Let's take a random sample of sites to see generally who's running them:
{cslinux1:~} cat *-websites > combined-websites
{cslinux1:~} shuf -n30 combined-websites
ptw190000
jxy170007
nkumar
chasteen
kxa051000
dga071000
kxl172530
yxw158830
csr170000
nxs135730
mxz173130
jbb130330
nxa190029
cje160030
cxs180003
jxa220048
nxh150030
nai160030
sxb180041
mxy171630
fass
mxh143930
axv210014
sxn177430
ted
sxk220505
jpb170330
jjo190001
bag190002
mxc220049
NetID | Owner classification | Other notes |
---|---|---|
ptw190000 | Student | Undergraduate, website was created for a class |
jxy170007 | Website is broken | |
nkumar | Professor | |
chasteen | Professor | |
kxa051000 | Professor | |
dga071000 | Professor | |
kxl172530 | Website is broken | |
yxw158830 | TA | Website looks very nice |
csr170000 | Website is broken | |
nxs135730 | Website is broken | |
mxz173130 | Student | Ph.D. student |
jbb130330 | Website is broken | |
nxa190029 | cppfile.exe | |
cje160030 | cppfile.exe | |
cxs180003 | Website is broken | |
jxa220048 | cppfile.exe | |
nxh150030 | Website is broken | |
nai160030 | Website is broken | |
sxb180041 | Website is broken | |
mxy171630 | Website is broken | |
fass | Professor | |
mxh143930 | Website is broken | |
axv210014 | Student | Ph.D. student |
sxn177430 | Professor | |
ted | Professor | I'm assuming this guy is a professor, he might have a more managerial role though, the website is kind of vague. |
sxk220505 | Student | Graduate student |
jpb170330 | Website is broken | |
jjo190001 | Professor | Website looks very nice |
bag190002 | Student | Undergraduate, website was created for a class |
mxc220049 | cppfile.exe |
I sorted these websites into four categories: websites by professors, by students, broken websites, and cppfile.exe. I have no idea what these cppfile.exe websites are, but they all look identical. I assume that they were all created for the same class.

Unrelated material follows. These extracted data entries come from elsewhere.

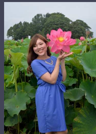
推薦【花はすを楽しむ】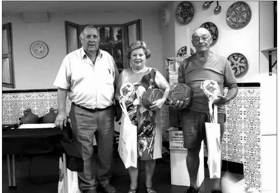
Entrega de trofeos.

Todos los participantes compartieron el almuerzo en una jornada que resultó todo un éxito.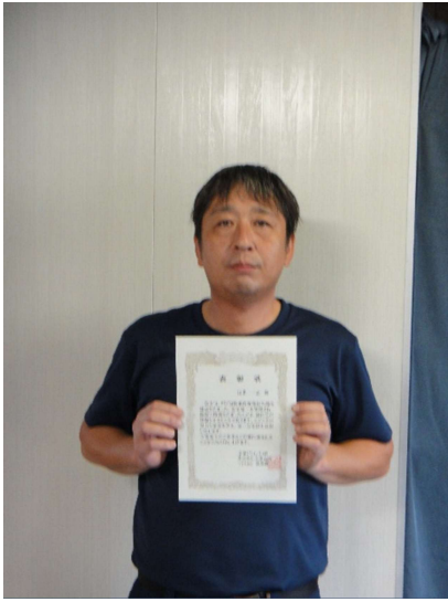
延岡営業所 A・H氏 9年表彰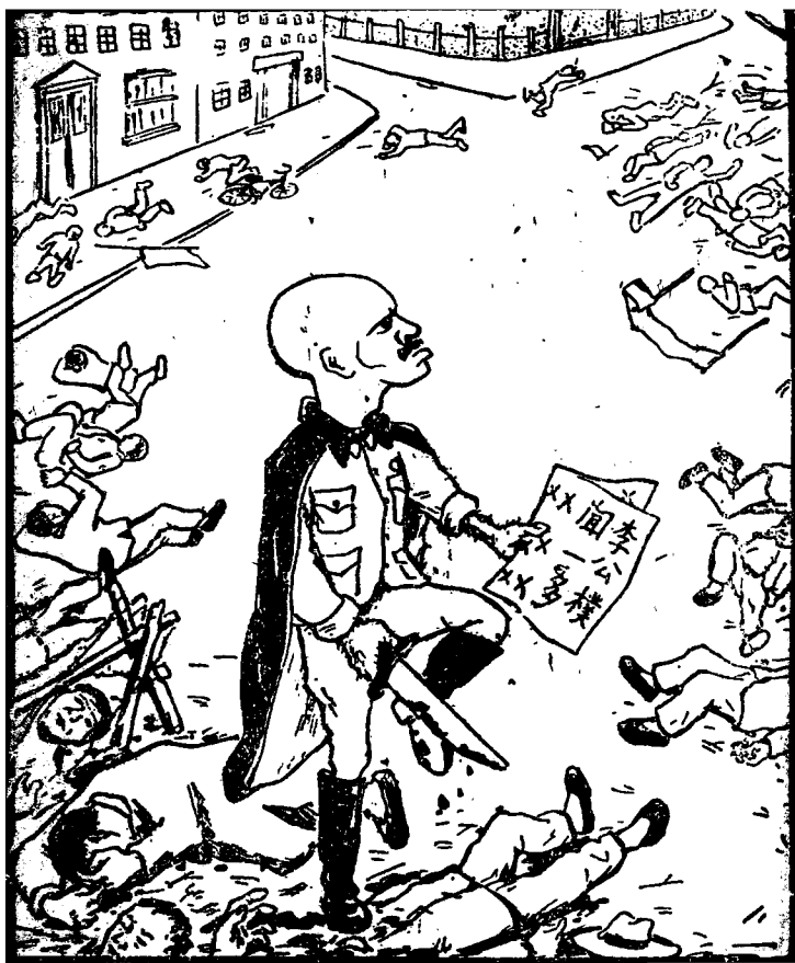
(五) 血濺昆明李聞遺囑暗殺！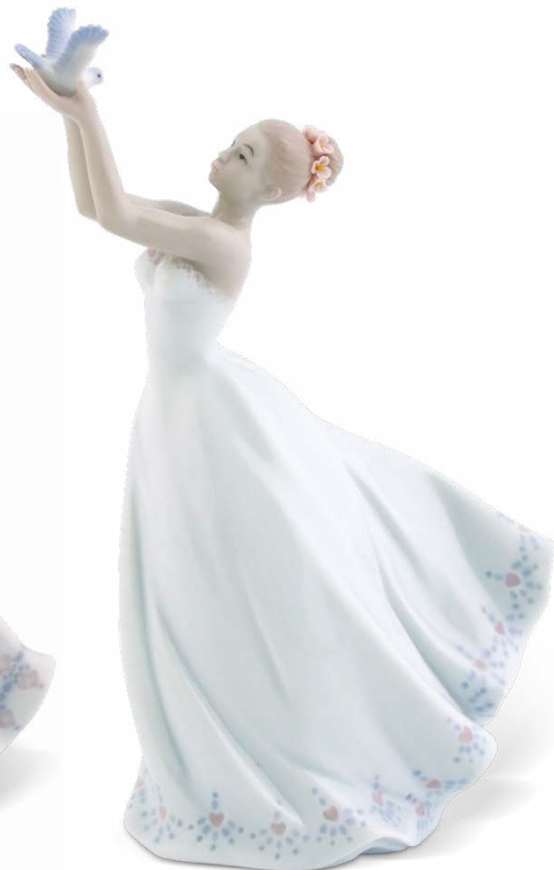
D7394 cm 24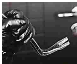
Arrestati due topi d'appartamento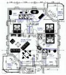
Wohnungsgrundriss (Möblierung exemplarisch)

STRANDNAH, GROSS, MODERN! Mit 2 BALKONEN (je ca. 11 qm), FAHRSTUHL, SAUNA und nur ca. 100 m zur STRANDPROMENADE! Großzügige elegante 4 - Zimmer - Wohnung mit sehr guter Ausstattung! 3 separate Schlafzimmer, 3 Bäder (2 davon ensuite), alle mit Fußbodenheizung. Die ensuite-Bäder verfügen über Wanne und Dusche bzw. Dusche. Das dritte Bad ist ein Saunabad mit Saunakabine und Schwalldusche. Der große Wohnbereich verfügt über eine vollausgestattete Küchenzeile, einen Eßbereich und einen Couchbereich mit KAMINOFEN. Die Balkone sind möbliert. Zur Wohnung gehört ein STRANDKORB AM STRAND. Die Wohnung verfügt über einen Pkw-Stellplatz in der teilüberdachten Tiefgarage. Fahrradabstellfläche ist vorhanden. Vom Haus aus können Sie das Ortszentrum und die bekannte Ahlbecker Seebücke in ca. 2 Minuten zu Fuß erreichen.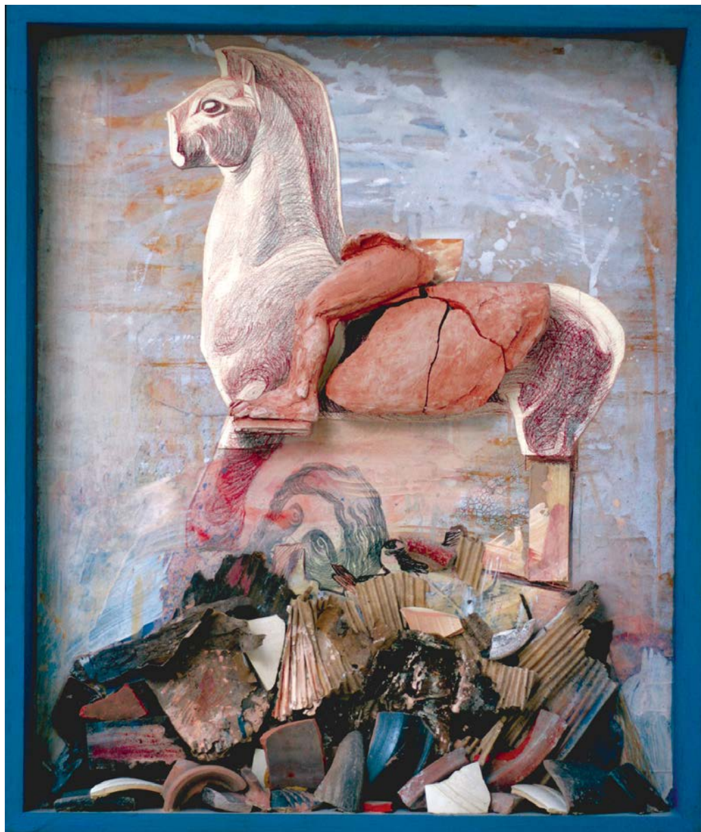
Ливну Епурас, Румунија Из циклуса „Археологија“ Узданица , децембар 2014, год. XI, бр. 2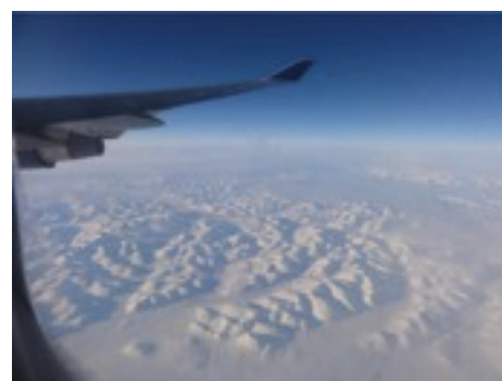
出張にシンガポールへ移動中 ロシアの上を飛んでいるところ？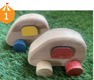
1 森のおもちゃづくり 福井の森から生まれた木のパーツで自分好みにカスタマイズできるキーホルダーや車をつくらう!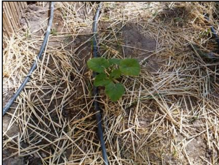
Imagen 15: Acolchado de paja alrededor de una planta de calabaza.

Como inconvenientes a la hora de elegir utilizar un acolchado tenemos el precio, el viento, el fuego o los roedores.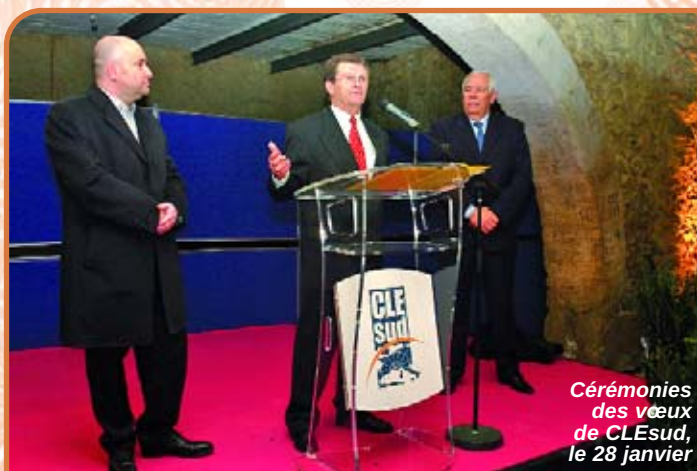
Cérémonies des vœux de CLEsud, le 28 janvier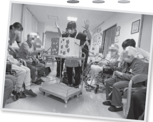
白熱の綱引き! 勝負の行方は!?

開会式では、安護楽らしく愉快的選手宣誓を行い、準備運動をしっかりとしてから開始。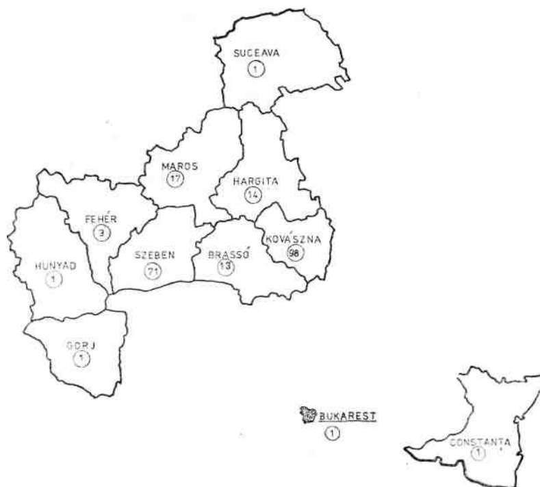
Az M etnosz párválasztási helységei megyék szerint, a párkapcsolatok számával

Az M etnosznál a 136 párkapcsolatból 71 a megyén belüli és 65 azon kívüli, mintegy 47%, és csak alig négy megye fordul elő egyszer (valamint Bukarest).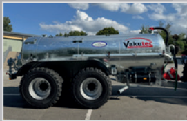
Vakutec VA 10500, Tandem

Vakuuffass, Bj. 23, Bereif. 850/50/30,5, 12 m Schleppschuhverteiler, Duplex Düsen, Vorführgerät 2024, VB 82.990,-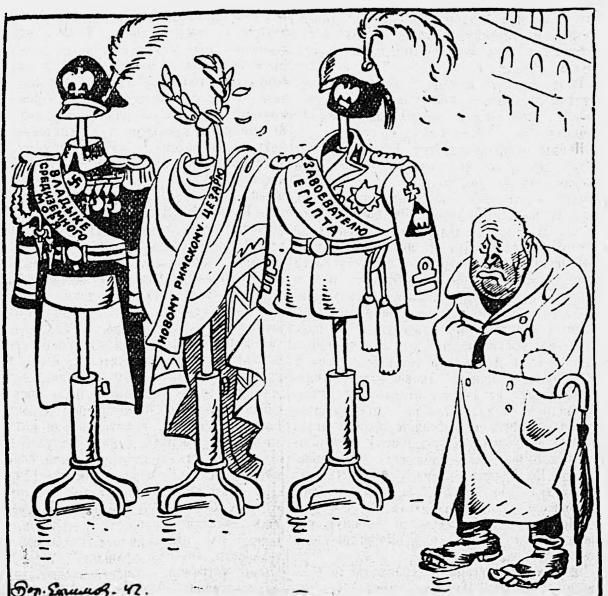
Дешевая распродажа ненужного гардероба.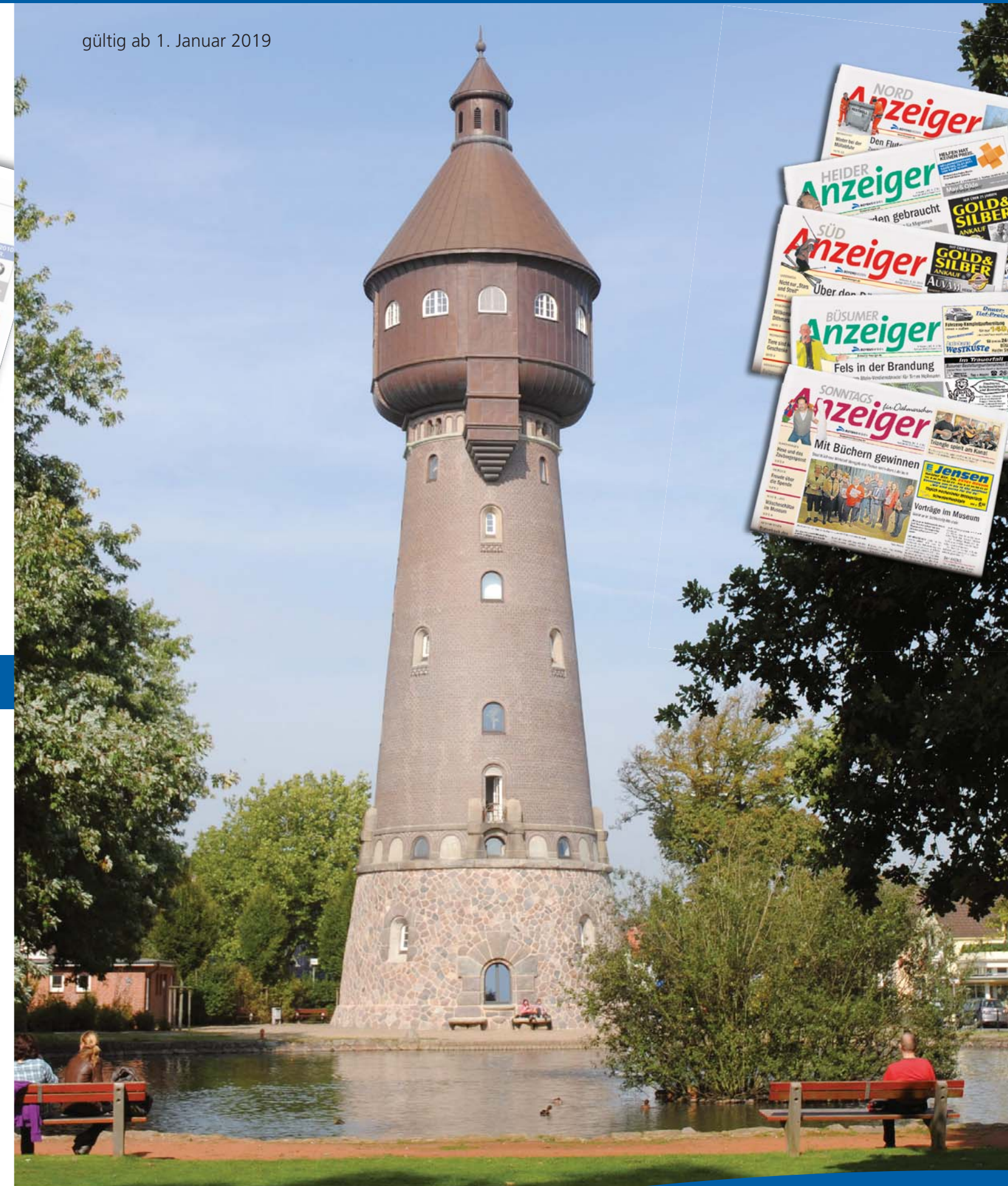
Bekanntes Wahrzeichen: Der Wasserturm in Heide.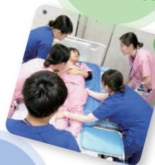
基礎看護技術研修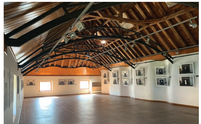
Sala de exposiciones del Pallar d'Agustín. Exposición del fotógrafo José Luis de la Parra. Lo Mon Contemporáneo 2020.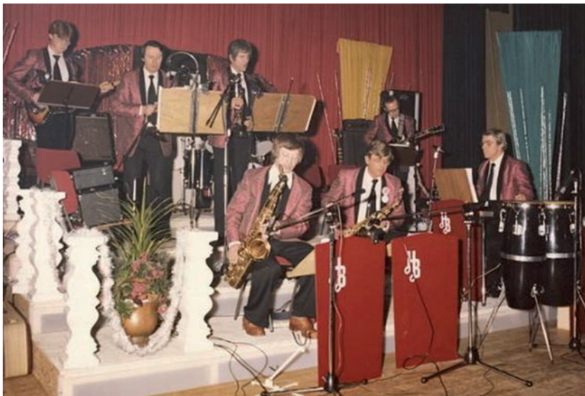
The Heartbreakers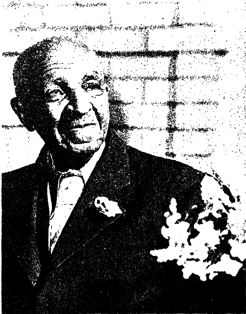
जॉर्ज वाशिंगटन कार्वर ७५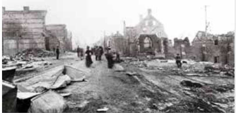
Le grand feu d'avril 1900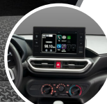
Pantalla touch de 8"

La suspensión trasera del nuevo Raize cuenta con una barra de torsión que brinda un excelente performance en diversas situaciones.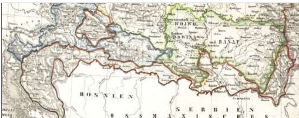
Карта бр. 2: Војна крајина у Хабзбуршкој монархији

Јужнословенске земље су у различитим периодима потпале под власт Хабзбуршке монархије. Хрватска је још од 1102. године била у персоналној унији са Мађарском (1102-1526. са извесним краћим прекидима), а касније је постала и део Хабзбуршке монархије (1526-1818). У временском раздобљу након успостављања Аустроугарске током 1868. године била је створена Краљевина Хрватска, Славонија и Далмација (нем. Königreich Kroatien und Slawonien ) са властитим Сабором, владом и баном. У циљу што боље одбране Хабзбуршке монархије у оквиру данашње Хрватске и на територији Војводине била је створена Војна крајина. 5 Ови погранични делови Аустроугарске према Отоманском царству били су углавном настањени Србима насељеним из других делова суседне царевине, али је Војна Крајина 1881. године била припојена Краљевини Хрватској, Славонији и Далмацији и de facto престала да постоји. На овај начин су и етнички Срби интегрисани у потпуности у састав данашње Хрватске, а њихови покушаји да током распада некадашње југословенске државе (1991-1995) успоставе одређени вид територијалне аутономије на овом подручју у оквиру тзв. Републике Српске Крајине нису дали никакве резултате. 6 Овим је, у историјском контексту, суштински минимализован српски етнички корпус на територији данашње Републике Хрватске и поред чињенице да су они били конститутивни народ у овој бившој југословенској републици од 1945. до 1990. године.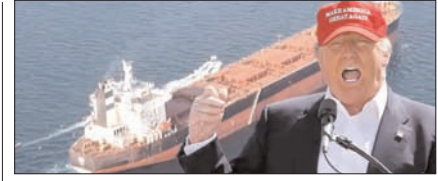
टम्प को झटका, होर्मुज में फंसे 1600 जहाज, शिपिंग कंपनियों को हो रहा नुकसान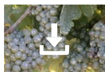
Cœur de Kaolin sur vigne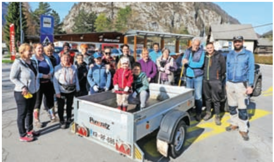
Zbor v Mojstrani, veliko udeležencev je bilo že na terenu drugje

V Triglavskem gaju v Mojstrani je z družino in člani društva, in letos ne prvič, čistila predsednica Turističnega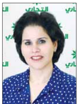
الشيخة نوف الصباح

الكويتي القديم، وإبراز جوانب ثقافية متنوعة من التاريخ. وأضافت الشبيخة نوف أن فكرة رزنامة 2025 جاءت لتعكس بعض الأماكن التراثية التي تميزت بها الكويت، مثل ساحة الصفاة، بيت اللوات، ومدينة الكويت والآلات الموسيقية التقليدية مثل الربابة، وحياة التجارة والتنقل والرحلات الطويلة والسفر عبر القوافل، بالإضافة إلى جوانب من البيت الكويتي القديم مثل اللبان والحوش. وحرصت الشبيخة نوف على أن تفرح رزنامته للعام 2025 في 12 لوحة فنية، بريشة الفنان إبراهيم حبيب، وتوجهت الشبيخة نوف صباح بالشكر إلى كل من ساهم في توثيق المعلومات البنك لعام 2025، متمنية للجميع عام ميلادي سعيد.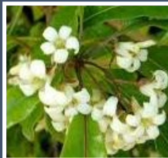
Fig. 2 – Flor de oliveira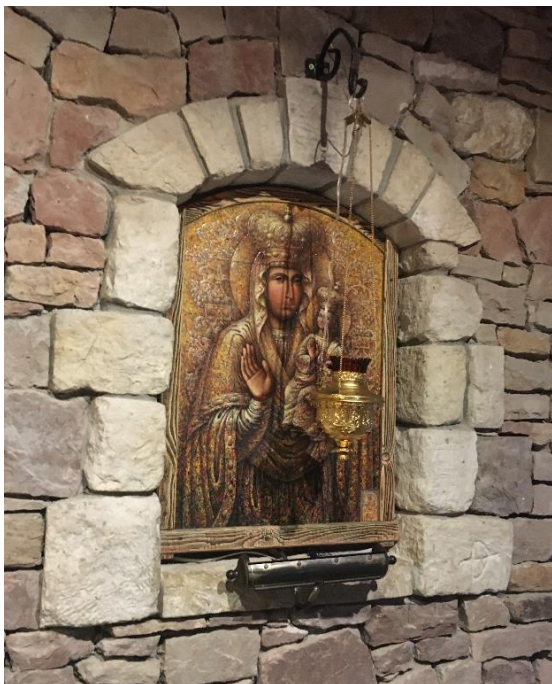
Рис. 3. Копія ікони Зарваницької Божої Матері (автор Є. Овчарик), Церква Святої Хатини Марії Діви з Назарету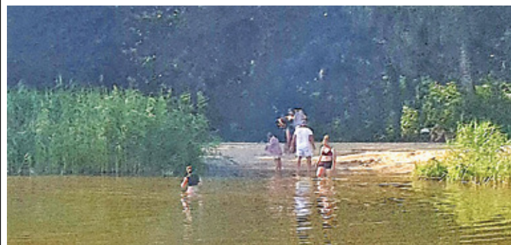
Służby apelują o niekorzystanie z dzikich kąpielisk

Służby apelują o niekorzystanie z dzikich kąpielisk oraz szybkie informowanie o możliwym zatonięciu, nawet, jeśli nie mamy pewności, że osoba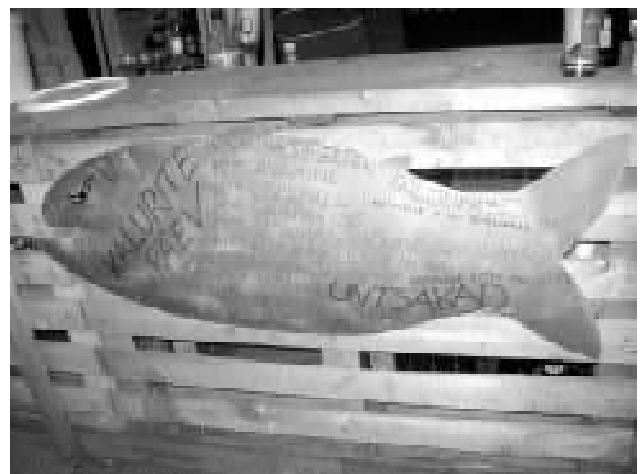
Ürituse kava oli kirjas lõbusal kala-kujulisel plakatil.

In total we had 5 students, 8 professors, 1 TA, 12 broken websites, and 4 cppfile.exe sites. All of these broken websites have some content in them, they're just misconfigured in some way. For example, the last broken website I looked at was actually a cppfile.exe website in disguise.
{pubssh:/home/010/j/jp/jpb170330/public_html} ls -l
total 96
----------. 1 574231 studunionx 9224 Sep 4 2020 cppfile.exe
-r--r-----. 1 574231 studunionx 15 Sep 4 2020 trial.txt
If you want to play around with this data yourself, the lists I created can be found here.